It’s a queer life, on the whole a good life, and if by practical standards it leads nowhere in particular, at least we can always make a fresh start, or we think we can.
This last is probably the snag in it. There is a saying among the Fair People: ‘Once a grafter, always a grafter,’ and of course sayings have a disconcerting habit of proving true.
In the winter most market folk decide to get out of the business for ever, and a home, security and respectability become more than vague terms of contempt.
But as soon as the weather improves you will find us on the road again, a little threadbare, a little thinner, but full of the extraordinary optimism which makes us what we are, the arch punters of the world.
This is the opening to Cheapjack - Phil Allingham’s account of his early years spent travelling the fairgrounds and market places of England from 1928. Cheapjack was written during 1933 and edited by Phil’s sister Margery prior to its publication in both England and America in 1934. It’s a unique and extraordinary book and was an instant success in both countries. The literary critics of the News Chronicle, for instance, chose it as one of their top five non-fiction titles for 1934 -- alongside J.B. Priestley’s English Journey, Daphne du Maurier’s portrait of her father Gerald du Maurier, volume 4 of David Lloyd George’s War Memoirs, Oliver Cromwell by John Buchan and One’s Company by Peter Fleming. Distinguished company for a unique and charming book. The directors of Golden Duck are excited by the prospect of bringing it back into print.

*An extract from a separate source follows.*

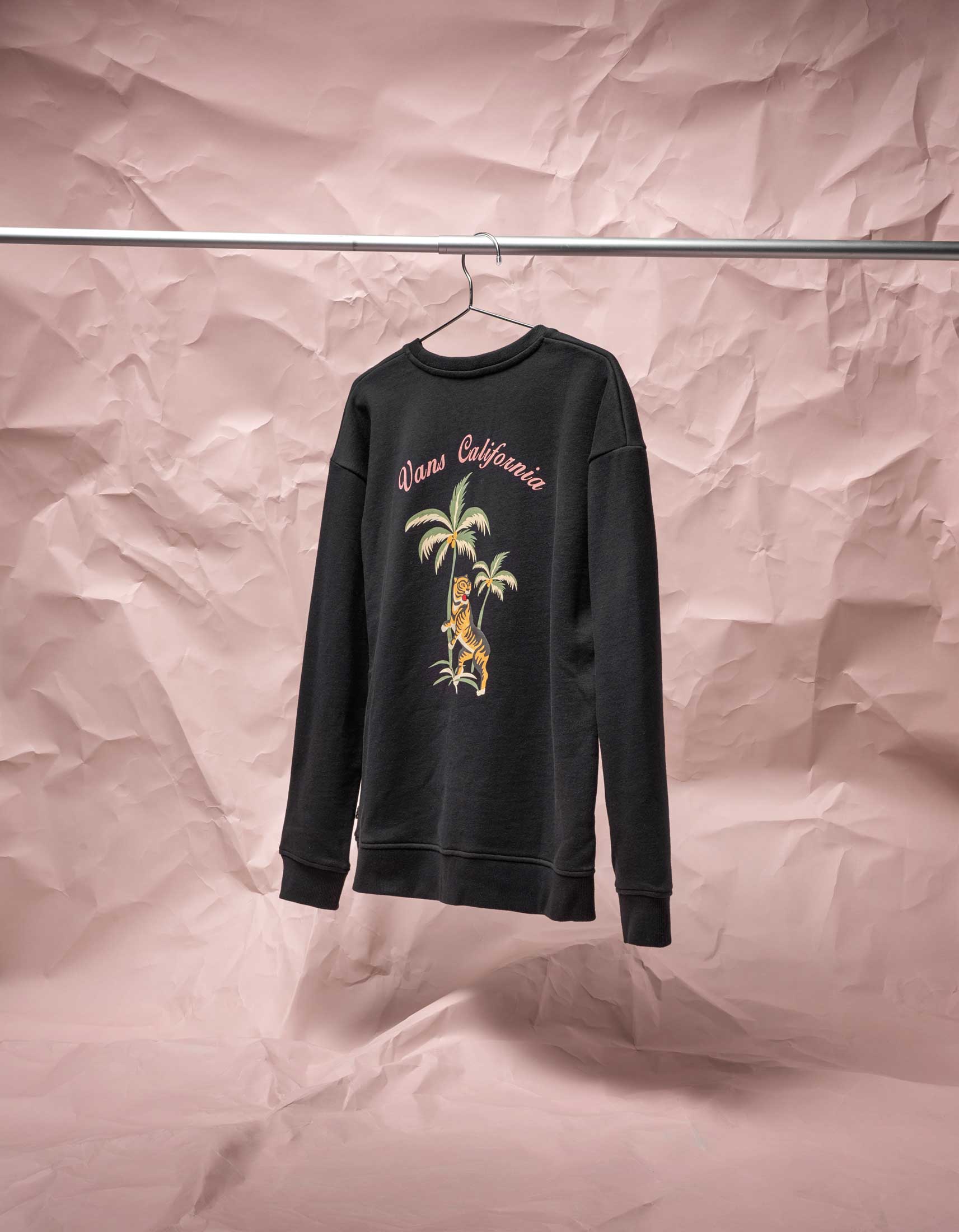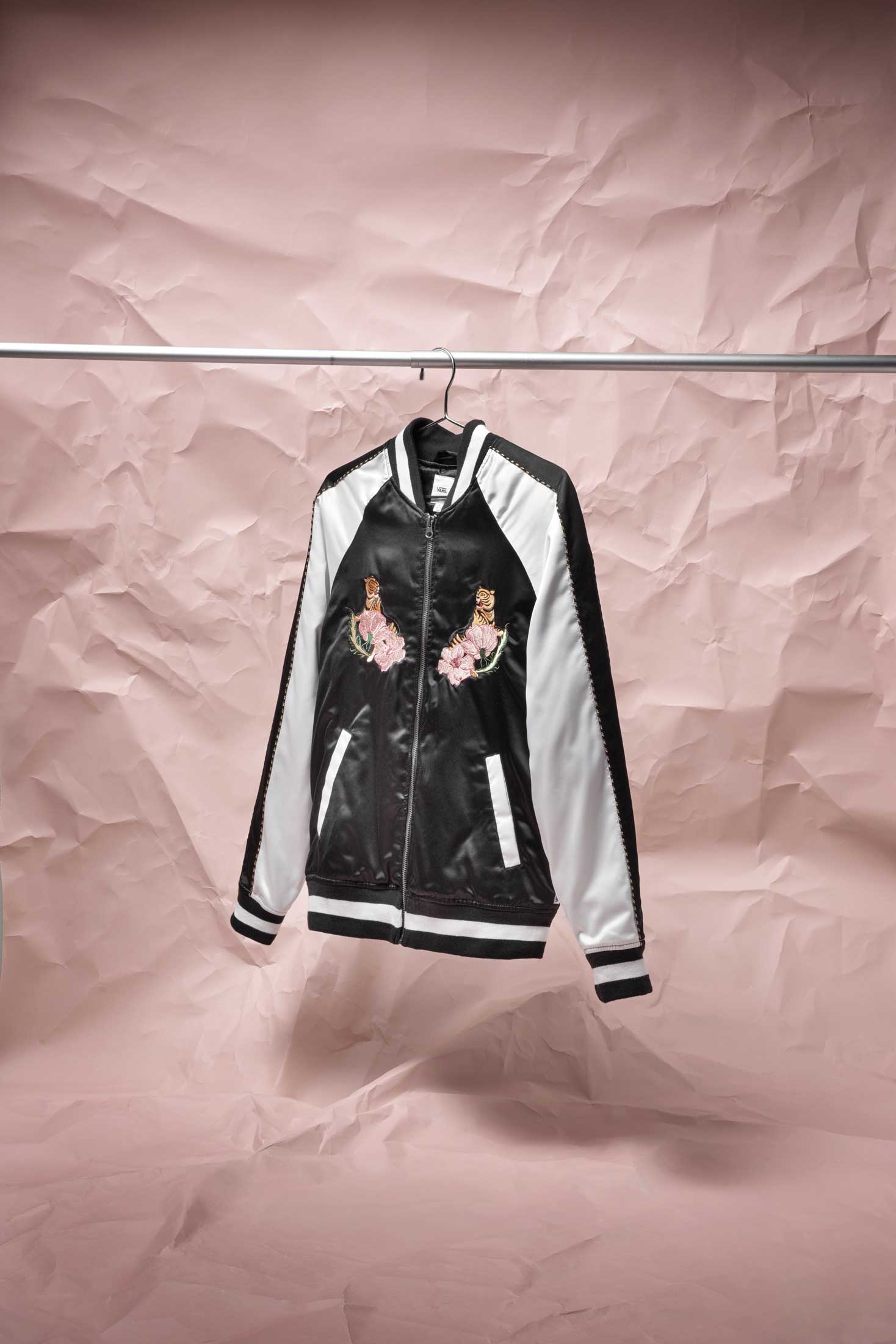 The hero piece of the capsule comes from Vans’ interpretation of the souvenir jacket, which sets the stage for the entire offering. Vans designers pay homage to the customary elements of a traditional souvenir jacket including two-toned color-blocking, striped rib detailing, quilted lining and embroidered back script and tiger. Those original elements are blended alongside nods to Vans’ home state of California with embroidered palm trees and poppy flowers.

The adventures in Cheapjack, the extraordinary vocabulary and the quirky consciousness, both knowing and naive, that gives the book its charm are Phil Allingham’s: some of the stylistic polish (such as the passage in italics above) owe their confident expression to Margery. In 1933 she wrote “emphasise importance of not saying book has been tampered with by me” but secretly she was proud of the work she had put into her brother’s book and wished that it could be recognised. In 1951, when Penguin were preparing to select 10 of her titles to print 100,000 copies each, making the Allingham Million, she wondered whether they might be interested in Cheapjack. Margery Allingham was close to her brother: she dedicated Look to the Lady to him under his gypsy name ‘Orlando’ and used the idea of his parallel world to great effect in her publishing novel Flowers for the Judge (1935). A note on the text of this new edition will indicate where her editorial input can be found.